14th March 2013

Mueller Europe Ltd v Central Roofing (South Wales) Ltd

This case was recently heard in the High Court and judgement was handed down on 22nd February 2013.

The claimant, Mueller Europe Limited suffered catastrophic damage to its factory where it manufactured copper piping as a result of a fire caused whilst roof repairs were being carried out.

A birdcage scaffold had been suspended in the roof space above the production line in order to allow production to continue while the roof repairs were being undertaken. Gas heaters that were located under the roof but above the birdcage scaffold were not turned off and caused the fire by igniting the scaffold.

It was found that the roofing contractors were at fault rather than Mueller Europe with regard to the cause of the fire and responsibility for the consequences of the fire.

Key point

Of particular interest was a separate dispute over Mueller’s entitlement to damages for machinery and equipment that they had not yet replaced.

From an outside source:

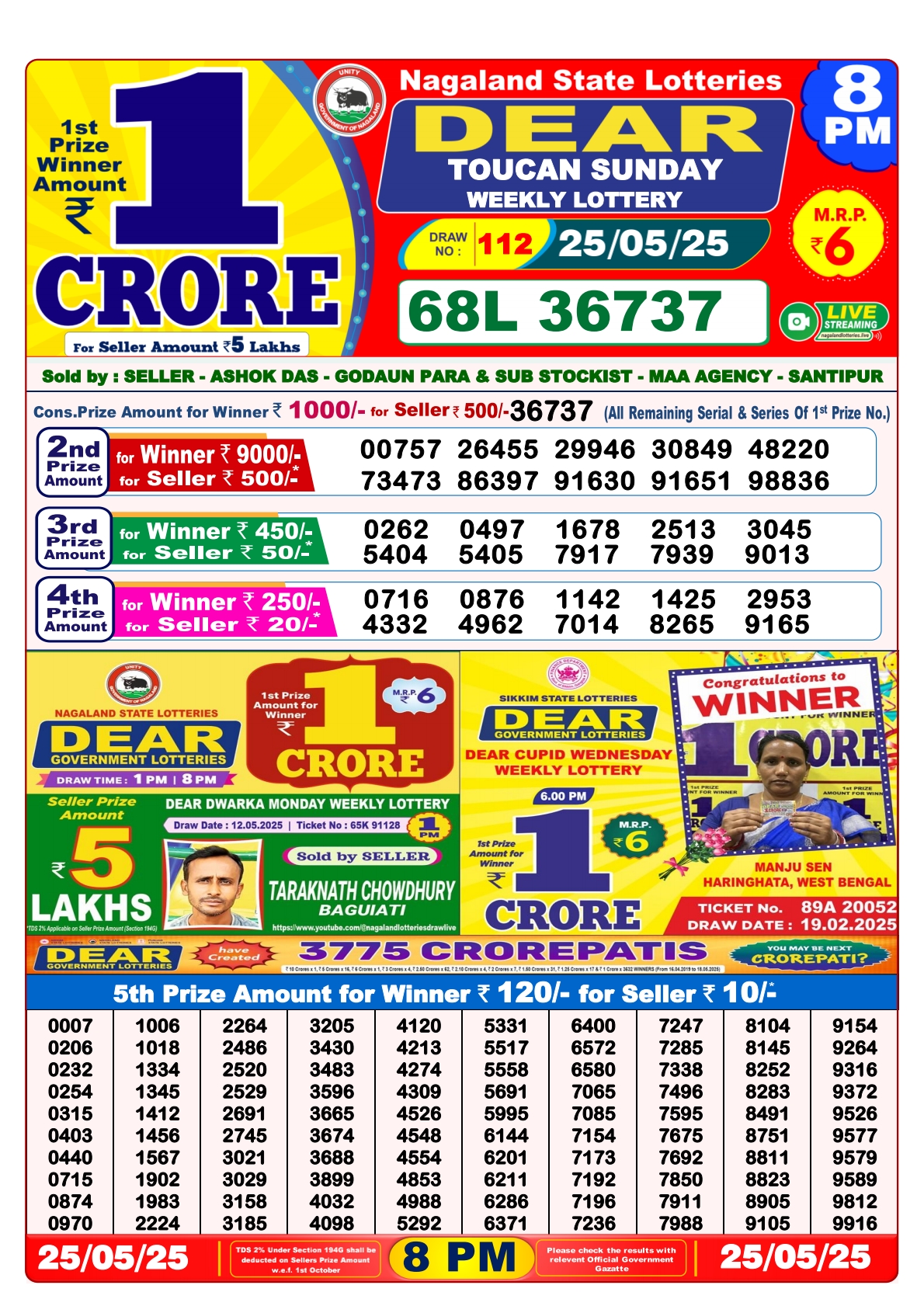 डिअर लाटरी का रात 8 बजे का रिज़ल्ट दिनांक 25.5.25

Until all of the damaged machinery and equipment had been replaced Mueller could not meet its pre-fire production capacity and capability.

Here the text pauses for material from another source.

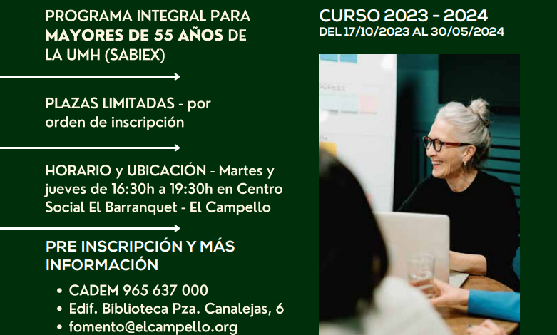 La concejalía de Fomento y Empleo que dirige Marisa Navarro, comunica que el próximo lunes, 18 de septiembre, y hasta el 3 de octubre, estará abierto el plazo de matriculación de las llamadas “aulas de la experiencia”, un programa integral de formación para mayores de 55 años. Las plazas son limitadas, y se cubrirán de acuerdo al orden de inscripción. Las matrículas pueden tramitarse de forma presencial (en las dependencias del CADEM), o vía online en fomento@elcampello.org.

The Defendants, Central Roofing (South Wales) Limited, argued that Mueller was only entitled to the machinery reinstatement costs which restored Mueller’s capacity to achieve its pre-fire levels of profit.

Outcome

The Honourable Mr Justice Stuart-Smith ruled that the cost of reinstatement and repair was the appropriate measure of loss. Mueller could use the damages in this regard in any way it saw fit and the fact that some of the equipment had been reinstated in the United States by the parent company was immaterial.

The Court reiterated the general principle that the cost of repairing or replacing equipment is the prima facie measure of recoverable damages. The burden is on the Defendant to show that such a measure of loss is not reasonable.

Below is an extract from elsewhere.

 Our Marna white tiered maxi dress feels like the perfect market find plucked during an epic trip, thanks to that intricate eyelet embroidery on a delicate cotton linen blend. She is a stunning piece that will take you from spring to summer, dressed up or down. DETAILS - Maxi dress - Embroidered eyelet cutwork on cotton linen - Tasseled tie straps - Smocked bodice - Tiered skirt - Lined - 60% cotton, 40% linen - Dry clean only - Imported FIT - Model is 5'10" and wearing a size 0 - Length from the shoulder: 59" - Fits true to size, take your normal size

It is not relevant that a claimant has not yet carried out the replacement or repair or even that they will never carry out the replacement or repair. The measure of the loss is what it would have cost to reinstate and repair the equipment.

 

Conclusion

On the basis of this judgement, the correct measure of loss is the cost of reinstatement and repair. It is not relevant that a claimant may not have carried out the replacement or repair or even that they may never carry out the replacement or repair.